We observed significant differences in seroprevalence estimates between males and females for 11 infectious agents (Table 2), with five found to be higher in women (EBV, HHV-7, HPV-16, HPV-18 and Ct) and six higher in men (VZV, HBV, HTLV-1, JCV and BKV and Hp). For all of the agents where data from multiple antigens were used to calculate total infectious agent seroprevalences (EBV, HBV, HTLV-1, Hp), equivalent differences were observed in the same directions for the individual pathogen-specific antigens (Supplementary Table 7). The differences observed in crude seroprevalences by sex for these 11 infectious agents persisted following adjustment for age, TDI, self-reported ethnicity, LSP and a report of ever having had sexual intercourse with a member of the same sex (sameSI; Supplementary Table 8). We also observed significant differences in seroprevalence by age (Fig. 1A and B and Supplementary Table 9 presenting all infectious agents with significant demographic associations after adjustment), being most significant for HSV-1, Tg and notably CMV where 49.2% (95% C.I. 46.6–51.8%) of women between the ages of 40 and 50 were seropositive compared to 66.8% (64.8–68.9%) of women between the ages of 60 and 70. Age was inversely associated with HPV-16, JCV and BKV. For example, BKV seroprevalence was 97.4% (96.5–98.4%) in men aged 40–49 years, and 95.1% (94.1–96.1%) in 60–69 year olds.

Fig. 1: Crude seroprevalence estimates and 95% confidence intervals for multiple infectious agents in 9695 biologically independent UK Biobank participants stratified by sex and age (A for males and B for females), self-reported ethnicity (C for males and D for females) and LSP (E for males and F for females).
figure 1

Precise numbers of individuals in each category are provided in Supplementary Tables 911. The infectious agents represented are those with significant (P < 0.01) evidence of differences based on crude estimates when testing for association with either males or females alone, or combined with each of age, self-reported ethnicity and LSP where sufficient numbers of individuals were available in each group for models to converge. Evidence of interaction with sex was only observed for VZV (P = 0.01) and HPV-16 (P = 0.04) with age, and HSV-2 (P = 7.5 × 10−5) and HPV-18 (P = 0.01) with LSP. All P-values reported were from the likelihood ratio test with no adjustment for multiple testing.
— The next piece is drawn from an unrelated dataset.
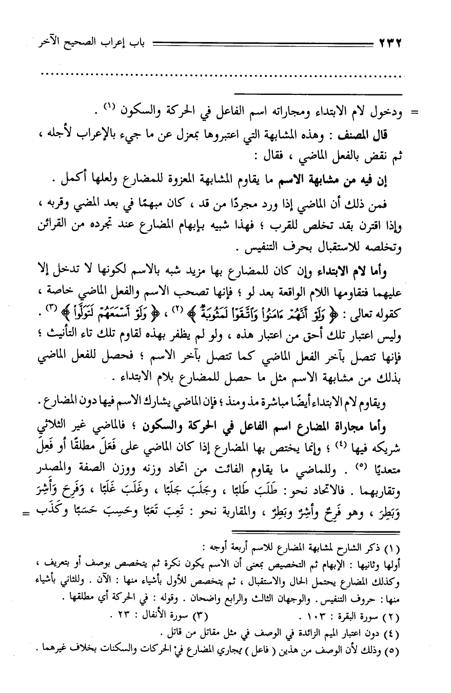 ودخول لام الابتداء ومجاراته اسم الفاعل في الحركة والسكون (¬1).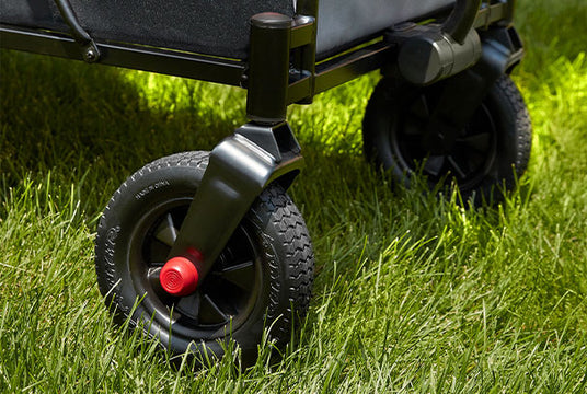 Equipped with off-road puncture-proof tires, The Beast MVP can traverse bumpy terrains with kids or cargo in tow. The rugged tires ensure a smooth ride and durability. With effortless transition from pavement to dirt or gravel, this wagon can withstand the mileage for endless off-road fun.

We used the limited number of serial samples available (277 individuals, median time between sampling 4.6 years, range 2.4–6.0) to test whether the observed increased seroprevalence estimates for particular infectious agents found associated with age indicated continued exposure to the infectious agent over the course of UKB follow-up. Using a linear mixed model adjusting for TDI, LSP and ethnicity as fixed effect covariates and individual as a random effect covariate we observed a significant increase in log10 transformed antibody levels over time for all three CMV antigens (beta 0.05, SE 0.02, P 0.03 with pp28; beta 0.08, SE 0.03, P 0.004 with pp52; and beta 0.11, SE 0.03, P 0.0004 with pp150N) and one Tg antigen (beta 0.06, SE 0.03, P 0.03 for p22) but not for the HSV-1 gG antigen. We also observed an increase in likelihood of seroprevalence over time for CMV (beta 0.04, SE 0.02, P 0.02) and Tg (beta 0.08, SE 0.03, P 0.01) but again not for HSV-1. Thus these data support ongoing infectious exposure over the ages of UKB participation for those sampled repeatedly for Tg and CMV, but not for HSV-1. Conversely, for VZV, where we expected to see changes more consistent with reactivation of virus with increasing age of individuals during the ongoing participation of individuals in UKB, we observed a significant increase in VZV antibody levels over time (beta 0.05, SE 0.02, P = 0.03), but not with overall seropositivity in individuals.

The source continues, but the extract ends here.